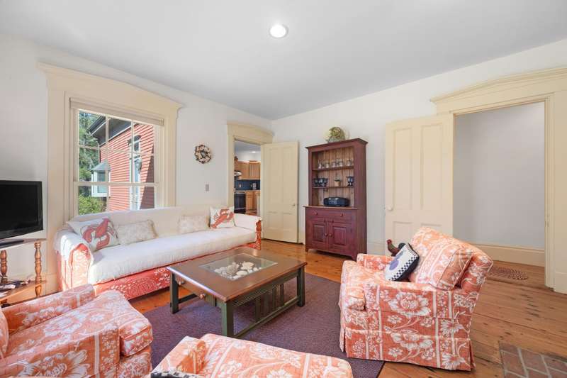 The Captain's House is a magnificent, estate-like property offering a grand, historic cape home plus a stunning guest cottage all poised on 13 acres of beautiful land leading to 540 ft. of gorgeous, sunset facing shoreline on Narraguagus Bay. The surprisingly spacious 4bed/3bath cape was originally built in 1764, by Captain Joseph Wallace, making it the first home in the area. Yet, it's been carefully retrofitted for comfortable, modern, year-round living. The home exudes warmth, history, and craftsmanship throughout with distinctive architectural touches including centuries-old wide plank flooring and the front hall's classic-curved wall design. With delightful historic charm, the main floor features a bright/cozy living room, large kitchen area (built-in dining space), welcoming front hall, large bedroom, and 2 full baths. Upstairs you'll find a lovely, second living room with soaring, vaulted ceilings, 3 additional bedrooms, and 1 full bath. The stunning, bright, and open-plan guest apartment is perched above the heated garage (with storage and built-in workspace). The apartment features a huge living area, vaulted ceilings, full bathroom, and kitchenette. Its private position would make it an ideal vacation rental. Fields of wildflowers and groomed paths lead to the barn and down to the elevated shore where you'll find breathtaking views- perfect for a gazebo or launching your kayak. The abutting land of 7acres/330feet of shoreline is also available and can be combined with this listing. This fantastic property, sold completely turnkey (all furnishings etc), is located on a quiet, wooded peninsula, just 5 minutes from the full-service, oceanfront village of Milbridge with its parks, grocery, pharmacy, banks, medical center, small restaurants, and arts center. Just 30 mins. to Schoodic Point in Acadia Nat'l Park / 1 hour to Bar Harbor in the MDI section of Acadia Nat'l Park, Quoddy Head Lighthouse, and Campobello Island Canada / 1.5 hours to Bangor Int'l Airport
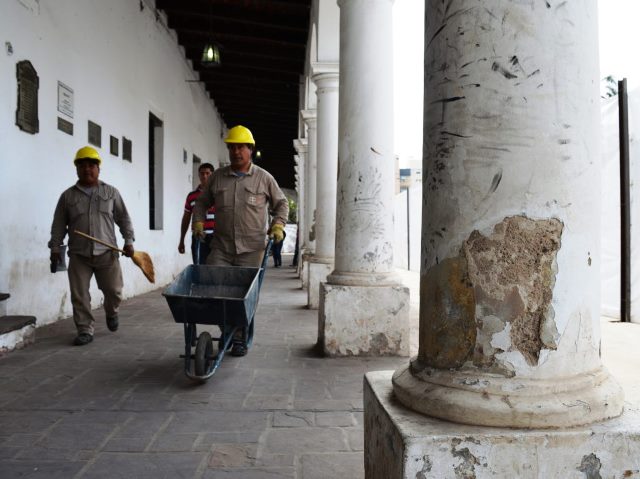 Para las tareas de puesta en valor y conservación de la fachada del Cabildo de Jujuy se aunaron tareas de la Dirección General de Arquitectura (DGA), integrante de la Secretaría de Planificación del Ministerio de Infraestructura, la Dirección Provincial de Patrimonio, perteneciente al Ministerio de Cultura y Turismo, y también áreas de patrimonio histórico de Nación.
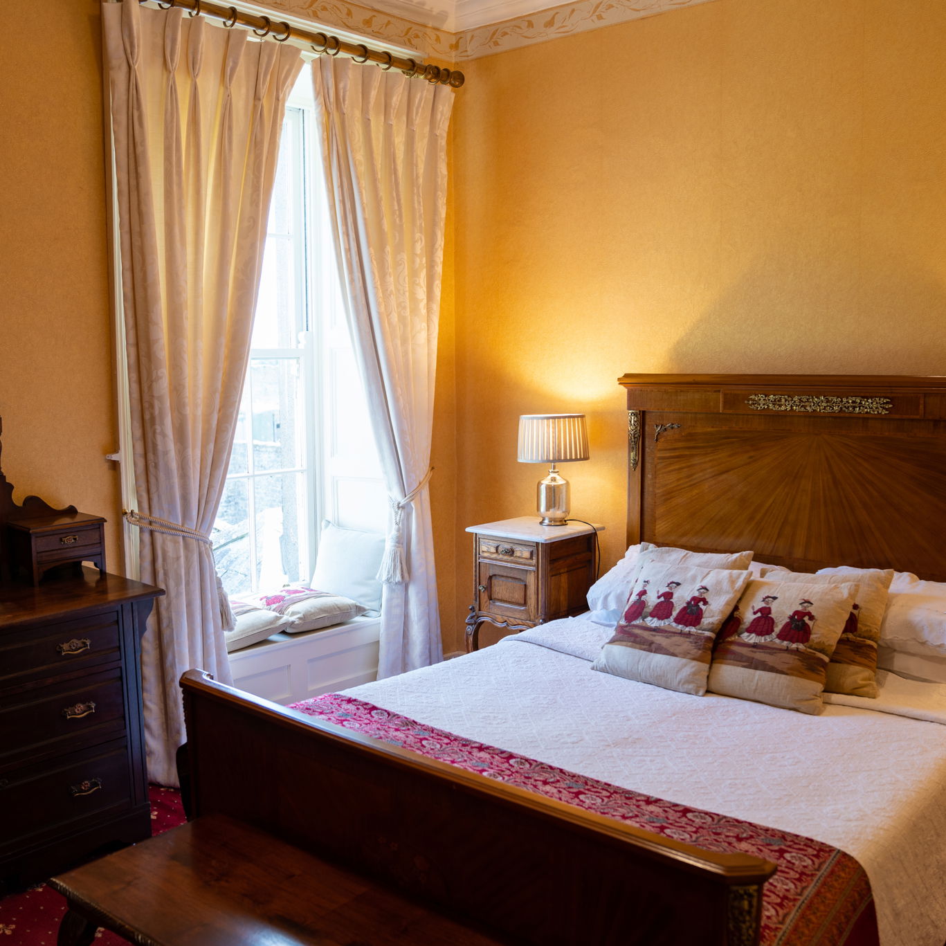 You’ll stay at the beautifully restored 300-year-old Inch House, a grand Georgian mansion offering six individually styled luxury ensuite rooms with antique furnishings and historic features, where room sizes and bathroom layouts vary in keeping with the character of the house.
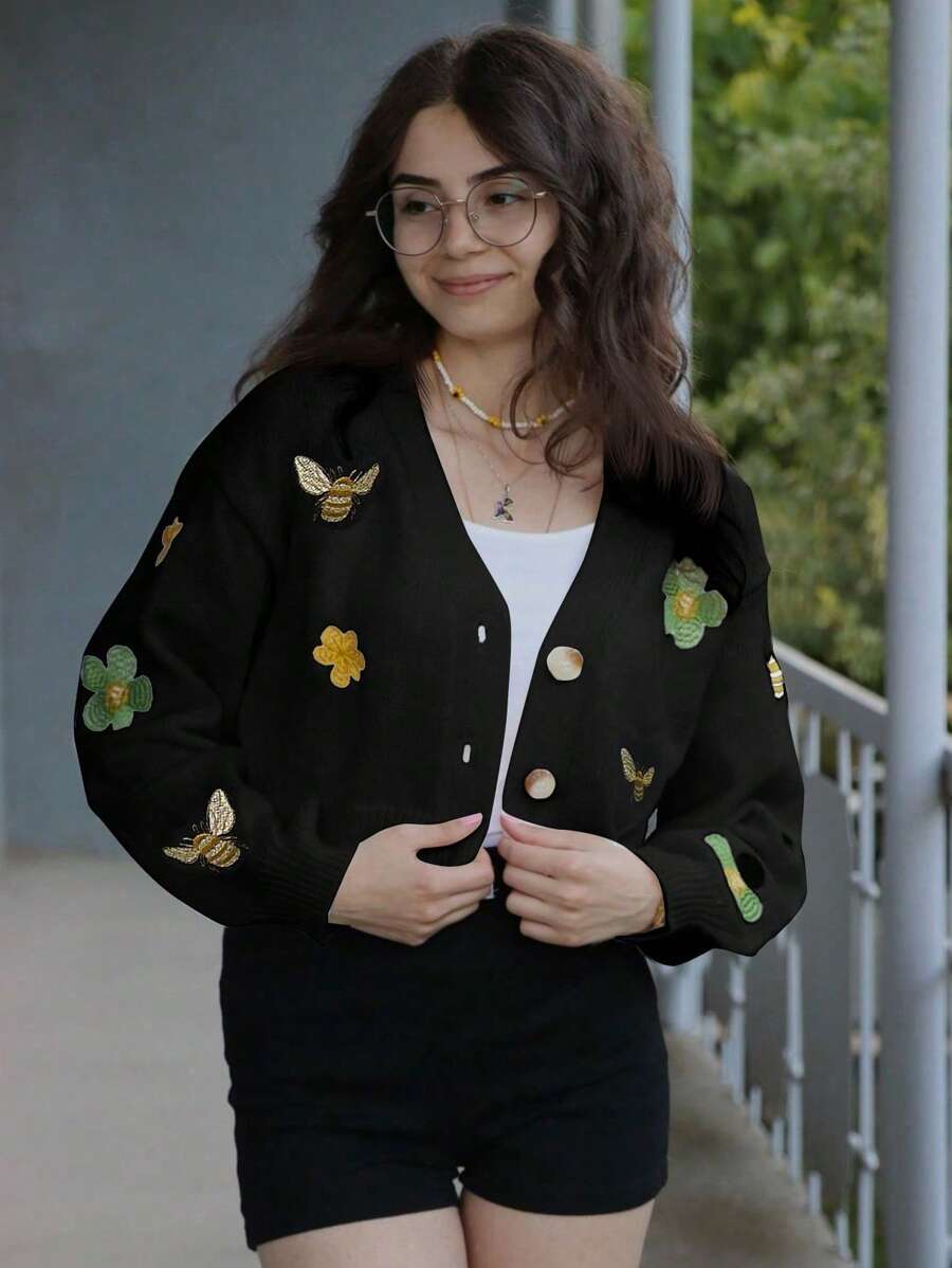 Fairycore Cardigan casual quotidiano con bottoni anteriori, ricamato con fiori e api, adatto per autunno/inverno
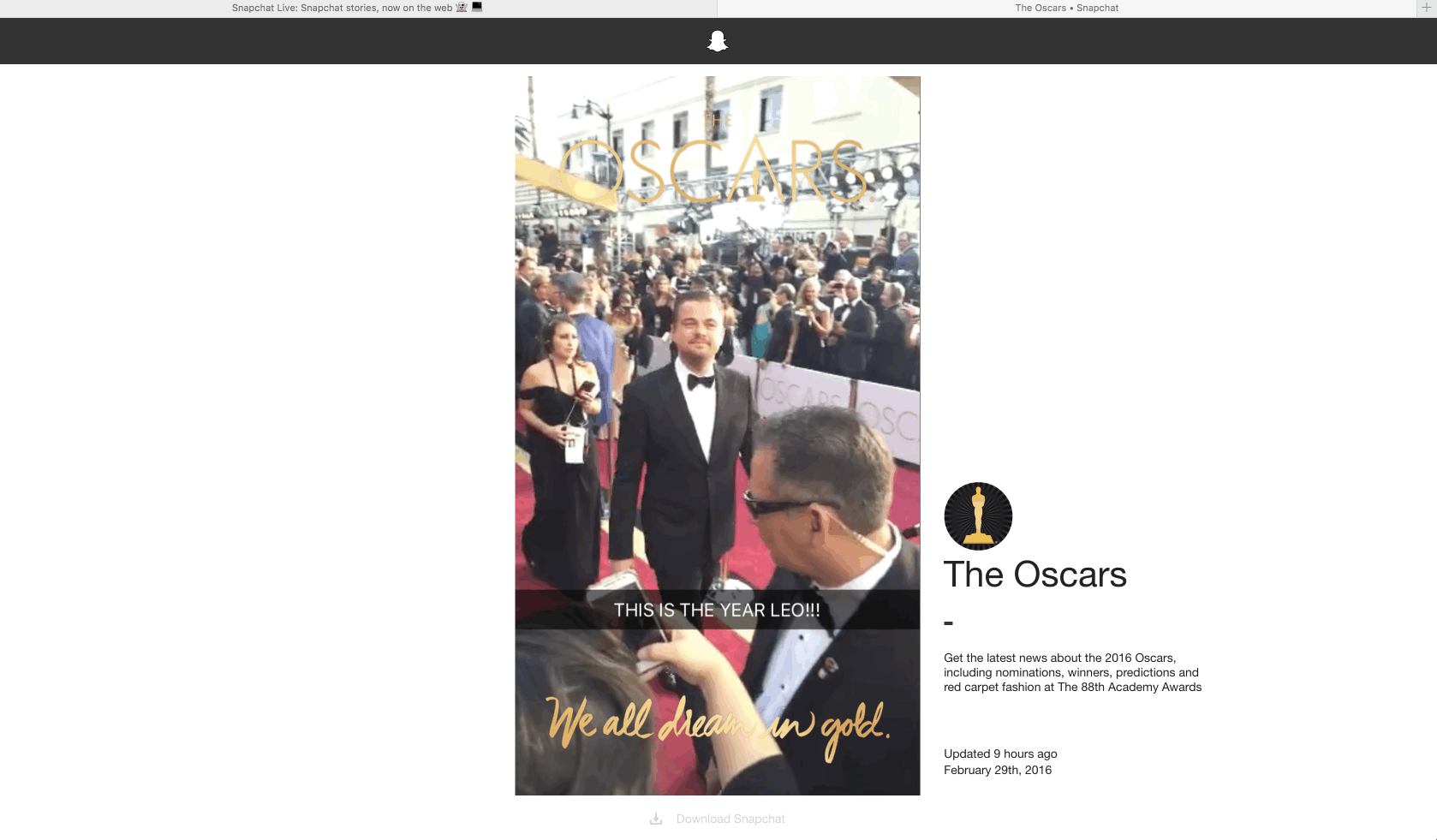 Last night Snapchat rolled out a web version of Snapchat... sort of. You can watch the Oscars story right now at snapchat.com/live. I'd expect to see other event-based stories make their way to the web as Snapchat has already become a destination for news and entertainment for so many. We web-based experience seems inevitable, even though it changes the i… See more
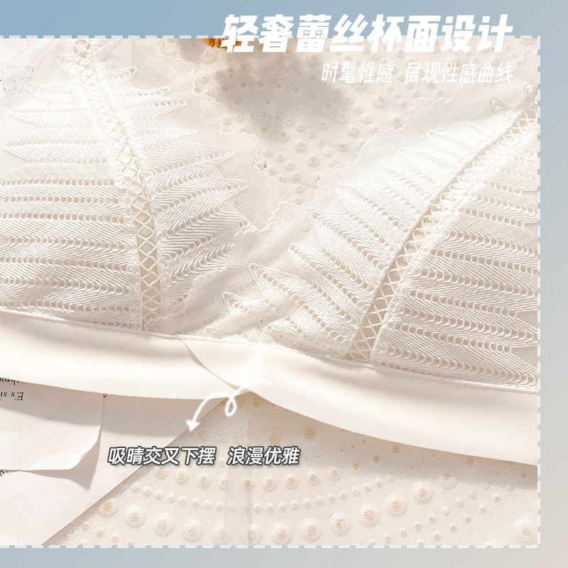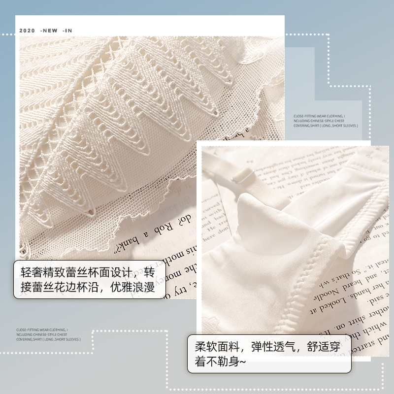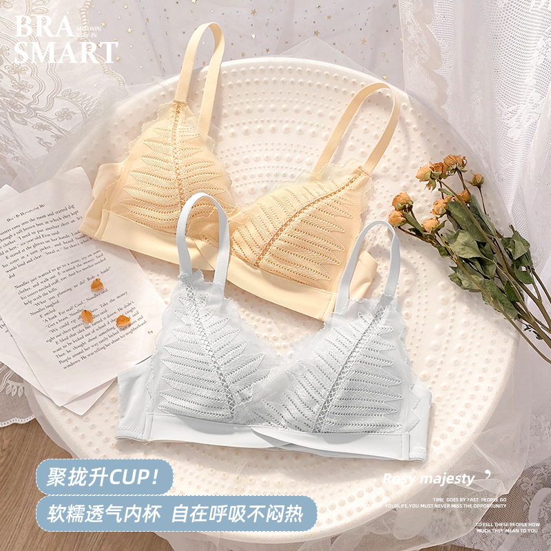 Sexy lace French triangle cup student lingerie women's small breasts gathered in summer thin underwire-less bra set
• • • • •
WORK ITEM:
All lines from the one containing "You’ll stay at" to the last line of the records above, and no others, should be returned unchanged, without pictures.

FINISHED EXERCISE:
 You’ll stay at the beautifully restored 300-year-old Inch House, a grand Georgian mansion offering six individually styled luxury ensuite rooms with antique furnishings and historic features, where room sizes and bathroom layouts vary in keeping with the character of the house.
 Fairycore Cardigan casual quotidiano con bottoni anteriori, ricamato con fiori e api, adatto per autunno/inverno
 Last night Snapchat rolled out a web version of Snapchat... sort of. You can watch the Oscars story right now at snapchat.com/live. I'd expect to see other event-based stories make their way to the web as Snapchat has already become a destination for news and entertainment for so many. We web-based experience seems inevitable, even though it changes the i… See more
 Sexy lace French triangle cup student lingerie women's small breasts gathered in summer thin underwire-less bra set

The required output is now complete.